**Problem to solve:**
Line by line, retype the material exactly and leave each picture out.

**Stored data:**

========================================

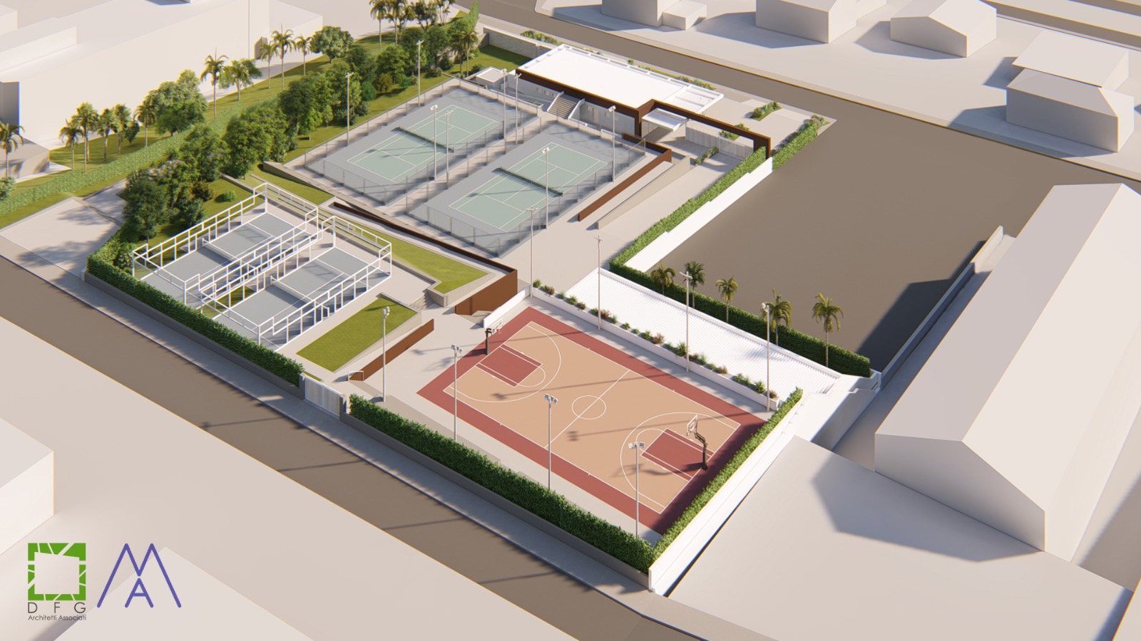 Ci vorranno circa 2 anni per poter realizzare questo progetto che dovrebbe diventare operativo, secondo quanto affermato stamani dagli amministratori, nell’estate del 2021. Il progetto, curato dall’architetto Davide Scrofani (Dfg Architetti Associati) e dall’ingegnere Mario Addario, prevede campi da tennis, paddle, un campo polifunzionale da basket, calcetto e volley. Ci sarà spazio per gli spogliatoi e per l’area bar. Il costo dell’intervento sarà di 800 mila euro ottenuti tramite un fondo del Credito Sportivo che dovrà essere restituito in rate annuali da 50 mila euro. Non si esclude la gestione esterna proprio per recuperare queste somme. Entro l’anno il progetto esecutivo e poi l’appalto.
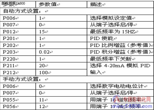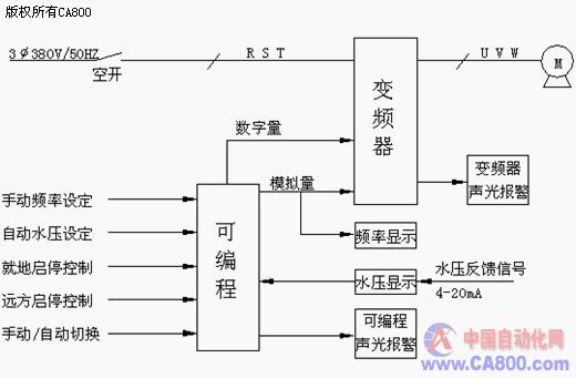 为了保持供水系统水压的基本恒定,需要变频器根据给定的压力信号与管网水压的反馈信号进行比较,以调节水泵的转速,达到供水、水压恒定的目的。
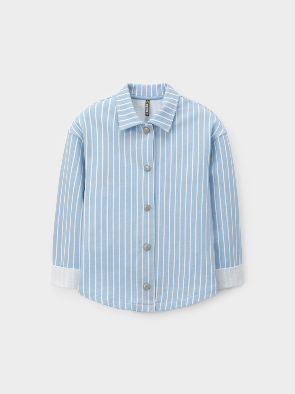 Свободная трикотажная рубашка для девочки из мягкого петельчатого футера. Застёгивается на кнопки. Модель с закруглённым низом и спущенным плечом. Рисунок в полоску выполнен из стойких текстильных гипоаллергенных красителей. Изделие сохраняет цвет и форму после многократных стирок. Все трикотажные полотна производятся в соответствии с нормами швейцарского сертификата ЭкоТекс.
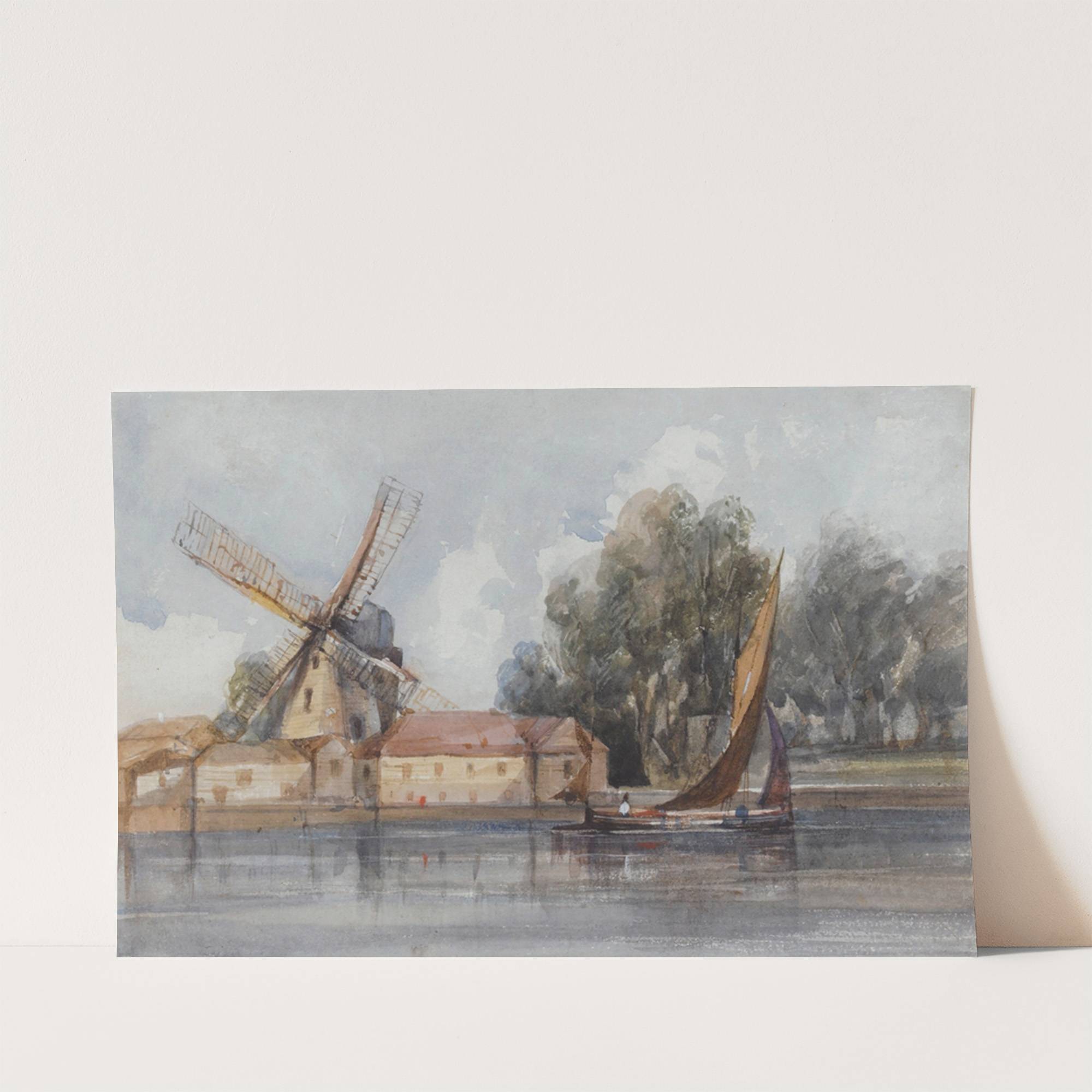 A Wherry Passing A Windmill And Farm Buildings by Thomas Shotter Boys - Wall Art Print

========================================

**Output of the task:**
 Ci vorranno circa 2 anni per poter realizzare questo progetto che dovrebbe diventare operativo, secondo quanto affermato stamani dagli amministratori, nell’estate del 2021. Il progetto, curato dall’architetto Davide Scrofani (Dfg Architetti Associati) e dall’ingegnere Mario Addario, prevede campi da tennis, paddle, un campo polifunzionale da basket, calcetto e volley. Ci sarà spazio per gli spogliatoi e per l’area bar. Il costo dell’intervento sarà di 800 mila euro ottenuti tramite un fondo del Credito Sportivo che dovrà essere restituito in rate annuali da 50 mila euro. Non si esclude la gestione esterna proprio per recuperare queste somme. Entro l’anno il progetto esecutivo e poi l’appalto.
 为了保持供水系统水压的基本恒定,需要变频器根据给定的压力信号与管网水压的反馈信号进行比较,以调节水泵的转速,达到供水、水压恒定的目的。
 Свободная трикотажная рубашка для девочки из мягкого петельчатого футера. Застёгивается на кнопки. Модель с закруглённым низом и спущенным плечом. Рисунок в полоску выполнен из стойких текстильных гипоаллергенных красителей. Изделие сохраняет цвет и форму после многократных стирок. Все трикотажные полотна производятся в соответствии с нормами швейцарского сертификата ЭкоТекс.
 A Wherry Passing A Windmill And Farm Buildings by Thomas Shotter Boys - Wall Art Print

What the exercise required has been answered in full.